Puede parecer atinado el plácet que ha concedido para el desafuero de Lucero Sánchez López, diputada local sinaloense, e investigar sus relaciones con el Chapo, no obstante que resulta extemporáneo, ya que esperó más de seis meses desde que fuera denunciada por utilizar documentos falsos para visitar al capo en la cárcel y, peor aún, luego de que la PGR había iniciado las pesquisas pertinentes. Sin embargo, el trato que dio a esa legisladora dista mucho de la protección que le otorga a Kate del Castillo, militante del PAN desde que su padre fue su candidato, investigada por idénticos vínculos.

El mensaje no puede ser más contradictorio, cuando se hace al omiso sobre el régimen de corrupción extrema que encabezó Guillermo Padrés Elías como gobernador de Sonora.

Igual sucede con el senador  Jorge Luis Preciado, que, cuando candidato del PAN al gobierno de Colima, fue difundida por Anonymous  una conversación telefónica en la que obligaba a su novia, 20 años menor que él, a practicarse un aborto, conducta cuyo partido luchó para que fuera considerada criminal.

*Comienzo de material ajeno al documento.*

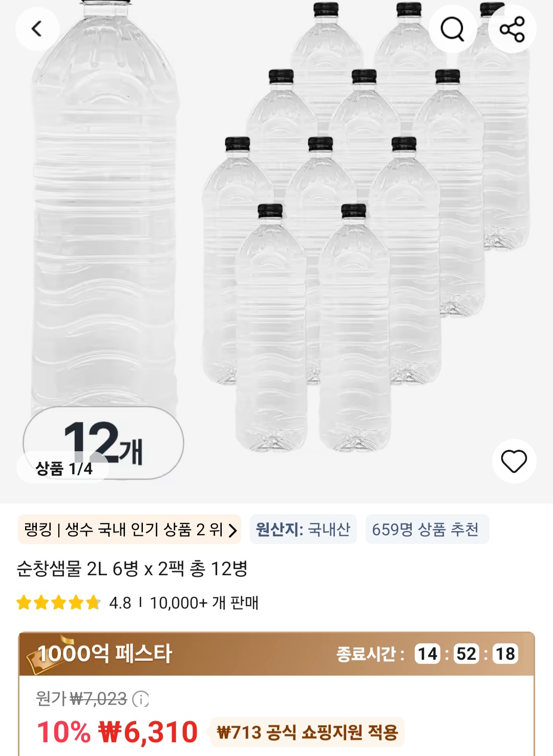 [알리] 순창샘물 2L 6병 x 2팩 총 12병
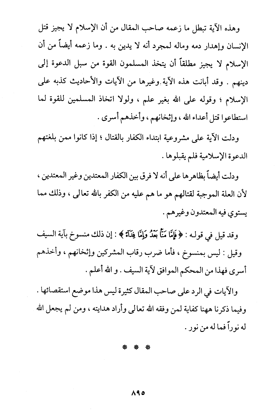 وهذه الآية تبطل ما زعمه صاحب المقال من أن الإسلام لا يجيز قتل الإنسان وإهدار دمه وماله لمجرد أنه لا يدين به، وما زعمه أيضًا من أن الإسلام لا يجيز مطلقا أن يتخذ المسلمون القوة من سبل الدعوة إلى دينهم، وقد أبانت هذه الآية وغيرها من الآيات والأحاديث كذبه على الإسلام، وقوله على الله بغير علم، ولولا اتخاذ المسلمين للقوة لما استطاعوا قتل أعداء الله، وإثخانهم، وأخذهم أسرى.

Están documentados casos en que, bajo la ley prohijada por el PAN, se ha obligado a menores de edad, víctimas de una violación, a tener el producto, o en que muchachas del servicio doméstico han sido sometidas a largos años de cárcel por haber sido denunciadas por sus patronas de haber abortado.

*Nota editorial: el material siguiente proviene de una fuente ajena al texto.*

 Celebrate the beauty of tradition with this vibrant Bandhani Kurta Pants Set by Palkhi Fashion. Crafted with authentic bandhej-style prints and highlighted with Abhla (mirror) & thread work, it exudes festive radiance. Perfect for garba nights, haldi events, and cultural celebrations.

¿Por qué entonces Ricardo Anaya, líder nacional del PAN, no se pronuncia por que se investigue al senador blanquiazul por instigar a su pareja a cometer un delito? ¿Por qué no lo expulsa del PAN por violar los principios de su partido?
¿O se trata de lo mismo de siempre: castigar a la víctima y no al victimario, ateniéndose a la vieja ley sexista en la que el delito del violador quedaba suprimido si aceptaba casarse con su víctima, recibiendo así, más que un castigo, un premio?